Craignant pour sa vie, la requérante a introduit une demande d’asile auprès de la Section de la protection des réfugiés (SPR) de la Commission de l’immigration et du statut de réfugié (CISR). 

2. Décision de la Section de la protection des réfugiés (SPR)

La SPR a refusé de reconnaître le statut de réfugié à la requérante, estimant qu’elle n’était pas crédible. Son témoignage n’était pas satisfaisant pour trois raisons : elle changeait constamment ses réponses durant l’audience[1] ; elle ne répondait pas directement aux questions posées et préférait citer les lignes de son formulaire de Fondement de la demande d’asile[2] lorsqu’elle était confrontée à ses propos contradictoires ; elle a quitté la Guinée tardivement et a fait de nombreux voyages à l’étranger.

La requérante a introduit un recours contre cette décision devant la Section d’appel des réfugiés (SAR).

3. Décision de la Section d’appel des réfugiés (SAR)
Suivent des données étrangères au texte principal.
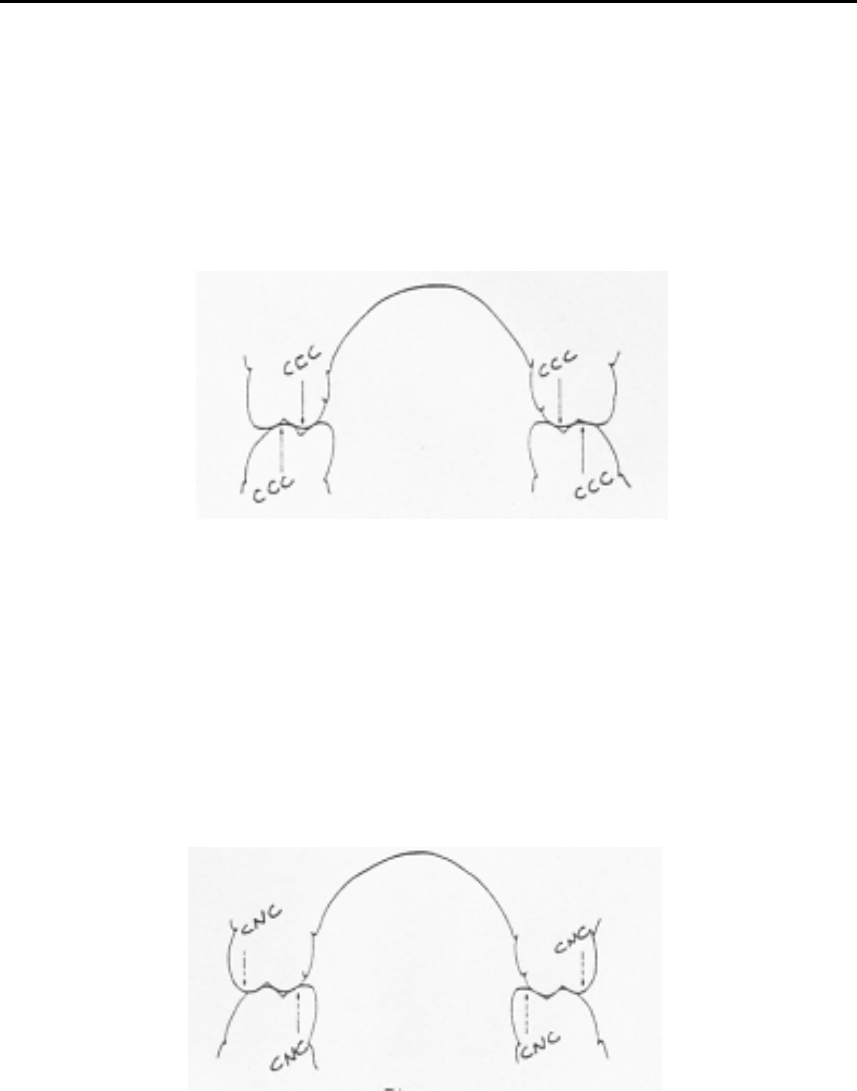 ESTUDO DIRIGIDO: AULA 3 1) O que, quem e qual a função das VIPS? V.I.P.S são as cúspides vestibulares dos dentes inferiores posteriores e as cúspides linguais dos dentes superiores posteriores. São as cúspides de suporte, ou cúspides cêntricas que ocluem com as áreas da FC antagônica. Sua função é manter a distância entre a maxila e a mandíbula. Estas cúspides também desempenham um importante papel na mastigação, pois o contato ocorre tanto no aspecto interno como no aspecto externo das cúspides. 2) O que, quem e qual a função das cúspides NÃO cêntricas? Cúspides não cêntricas são as cúspides vestibulares dos dentes superiores posteriores e as cúspides linguais dos dentes inferiores posteriores. A função principal das cúspides não cêntricas é minimizar o impacto tecidual, como já foi mencionado, e manter o bolo alimentar na mesa oclusal para mastigação. As cúspides não cêntricas também dão estabilidade mandibular, de maneira que quando os dentes estão totalmente ocluídos haja uma relação oclusal exata e definida e fisiológicamente tem a propriedade de proteger a língua e bochechas, o que faz com que, anatomicamente, essas cúspides sejam bem verticalizadas e com pouca inclinação. 3) Para o estudo das vertentes, sugiro a confecção de um único desenho das cúspides e pintar em diferentes cores cada vertente como método de fixação. A) O que e quais são as vertentes triturantes (interna)? São Planos e arestas situados na face oclusal propriamente dita (entre as cúspides vestibulares e linguais) ao longo das quais se movem as cúspides cêntricas/suporte quando são assumidas posições funcionais da mandíbula. B) O que e quais são as vertentes lisas (externas)? Situam-se a partir do ápice das cúspides vestibulares e linguais, na face livre das coroas dentárias. C) O que e quais são as vertentes protrusivas? Planos e arestas situados na face oclusal propriamente dita (entre as cúspides vestibulares e linguais) ao longo das quais se movem as cúspides de suporte quando são assumidas posições funcionais da mandíbula. D) O que e quais são as vertentes retrusivas? São as vertentes dos dentes posteriores que deslizam durante o movimento retrusivo da mandíbula, com os dentes em contato. São as vertentes mesiais das cúspides superiores e distais das cúspides inferiores. E) O que e quais são as vertentes de trabalho? Quando a mandíbula executa o movimento de lateralidade, verifica-se que no lado de trabalho, os dentes inferiores deslizam contra os dentes superiores. Durante este movimento são as vertentes que estabelecem os contatos, e, portanto, as mesmas são denominadas vertentes de trabalho. São elas: -Vertentes livres (ou lisas) das cúspides vestibulares dos dentes inferiores (e ); -Vertentes triturantes das cúspides linguais dos dentes inferiores ( g ); -Vertentes triturantes das cúspides vestibulares dos dentes superiores (b); - Vertentes lisas das cúspides palatinas dos dentes superiores ( d ). F) O que e quais são as vertentes de balanceio? No mesmo movimento de lateralidade da mandíbula, no lado de balanceio, antes de desocluir, os contatos deslizantes se dão apenas nas cúspides cêntricas, em suas vertentes internas que são as: -Vertentes triturantes das cúspides palatinas dos dentes superiores ( c ); -Vertentes triturantes das cúspides vestibulares dos dentes inferiores ( f ) Vertentes de trabalho e Vertentes de balanceio 4) O que é overjet? Denomina-se overjet o trespasse horizontal em excesso da borda incisal dos dentes superiores sobre os inferiores e das cúspides vestibulares dos posteriores com relação às de seus homólogos inferiores. 5) O que é overbite? É a definição do trespasse entre os incisivos superiores e inferiores no plano vertical. 6) Descreva 9 critérios para uma ideal. 1) Contatos bilaterais simultâneos e estáveis entre todos os dentes, coincidindo com a harmonia muscular; 2) Alinhamento correto dos dentes nas arcadas; 3) Trespasse vertical e horizontal harmônicos; 4) Relação dente-periodonto normal, sem trauma oclusal; 5) Espaço funcional livre fisiológico; 6) Curvas de Compensação (SPEE e WILSON) em harmonia; 7) Movimentos mandibulares livres, sem interferências ou bloqueios; 8) Forças oclusais distribuídas nas áreas de trabalho e no sentido axial (longo eixo) dos dentes; 9) Perfeita harmonia entre a oclusão dentária e a articulação temporomandibular (ATM). 7) Um dos critérios importantes para uma oclusal ideal é a oclusão mutuamente protegida. Descreva de forma detalhada o que é esse tipo de oclusão. Os dentes anteriores, ao contrário dos dentes posteriores, estão em posição apropriada para receber as forças dos movimentos mandibulares excêntricos. Geralmente, portanto, pode-se afirmar que os dentes posteriores funcionam mais efetivamente em parar a mandíbula durante o fechamento, enquanto os dentes anteriores funcionam mais efetivamente em guiar a mandíbula durante os movimentos excêntricos. Observando estas funções, torna-se claro que os dentes posteriores deveriam contatar ligeiramente com mais força do que os dentes anteriores, quando os dentes estão ocluídos em MIH. Esta condição é descrita como oclusão mutuamente protegida. Ou seja, numa oclusão normal, quando os dentes anteriores estão em contato, os posteriores devem desocluir. De modo inverso, quando os dentes posteriores estão ocluídos, como ocorre na em MIH ou na ORC, os anteriores ficam sem contato efetivo formando a oclusão mutuamente protegida. 8) Outro fator importante para uma oclusão ideal é o tipo da transmissão de força. Descreva as vantagens da melhor direção (longo eixo) de incidência de força e desvantagens da pior direção (forças axiais/horizontais). Longo eixo (melhor direção): O processo de direcionar as forças oclusais através do longo eixo do dente é conhecido como carga axial. A carga axial pode ser alcançada por dois método

La SAR statue en plein contentieux : elle peut confirmer la décision de la Section de la protection des réfugiés, la casser et lui substituer « la décision qui aurait dû être rendue » ou la casser et renvoyer le dossier à un tribunal différemment constitué.
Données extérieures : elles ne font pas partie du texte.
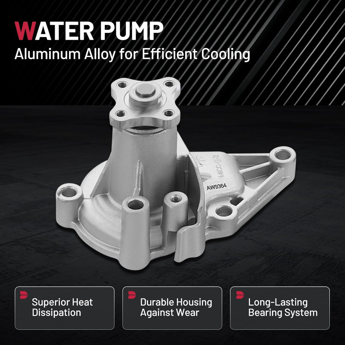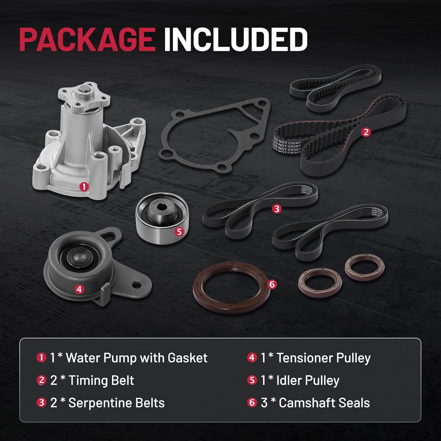 [PACKAGE INCLUDES]: 1 x Water Pump with Gasket, 2 x Timing Belts, 2 x Serpentine Belts, 1 x Timing Belt Tensioner Pulley, 1 x Timing Belt Idler Pulley, 3 x Camshaft Seals

En l’espèce, selon le commissaire, la question déterminante est la crédibilité. Il se demande si la SPR « a erré dans l’évaluation de la crédibilité » de la requérante ; autrement dit, si la requérante « a soumis une preuve objective et crédible qu’il existe une possibilité sérieuse qu’elle soit persécutée » en cas de retour en Guinée (§ 23). Il répond à la question dans une analyse en trois points, basée sur le mémoire d’appel de la requérante.
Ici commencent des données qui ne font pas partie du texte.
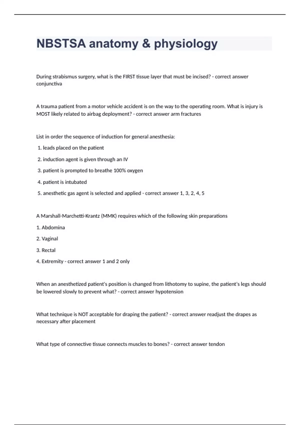 NBSTSA anatomy & physiologyDuring strabismus surgery, what is the FIRST tissue layer that must be incised? conjunctiva A trauma patient from a motor vehicle accident is on the way to the operating room. What is injury is MOST likely related to airbag deployment? arm fractures List in order the sequence of induction for general anesthesia: 1. leads placed on the patient 2. induction agent is given through an IV 3. patient is prompted to breathe 100% oxygen 4. patient is intubated 5. anesthetic gas agent is selected and applied 1, 3, 2, 4, 5 A Marshall-Marchetti-Krantz (MMK) requires which of the following skin preparations 1. Abdomina 2. Vaginal 3. Rectal 4. Extremity 1 and 2 only When an anesthetized patient's position is changed from lithotomy to supine, the patient's legs should be lowered slowly to prevent what? hypotension What technique is NOT acceptable for draping the patient? readjust the drapes as necessary after placement What type of connective tissue connects muscles to bones? tendon what is reshaped during a total hip arthroplasty? acetabulum What pathological condition may be caused by an excessive production of cerebrospinal fluid in the brain? hydrocephalus For a splenectomy procedure, what clamps could be used? Satinsky A patient entering the OR for a laparascopic cholecystectomy looks jaundiced. What is the best explanation for this? biliary obstruction

Premièrement, le commissaire s’interroge sur la prise en compte par la SPR des Directives n° 4 du président : Revendicatrices du statut de réfugié craignant d’être persécutées en raison de leur sexe (Directives n° 4). Le commissaire rappelle que les Directives n° 4 doivent être prises en compte et que les décideurs doivent les appliquer « d’une manière complète et avec sensibilité » lorsqu’ils statuent dans un contexte de violence faite aux femmes (§ 24). Dans ses motifs, la SPR a écrit qu’elle était sensible au fait que la violence conjugale et les coutumes guinéennes pourraient avoir un impact sur le comportement de l’appelante, mais que cela n’expliquait pas pourquoi elle ne témoignait pas clairement et ne répondait pas directement aux questions. Le commissaire a écouté l’enregistrement de l’audience. Il constate, comme le soulève la requérante, l’irritabilité et le manque de sensibilité dont a fait preuve la SPR, et qu’aucune pause n’a été suggérée ni offerte. Il conclut que la SPR n’a pas sincèrement pris en compte les Directives n° 4 : « il ne suffit pas de mentionner qu’on est sensible au fait que la violence dont une femme a pu être victime peut affecter son comportement. Il faut le démontrer concrètement dans son approche durant l’audience et l’évaluation du témoignage » (§ 30).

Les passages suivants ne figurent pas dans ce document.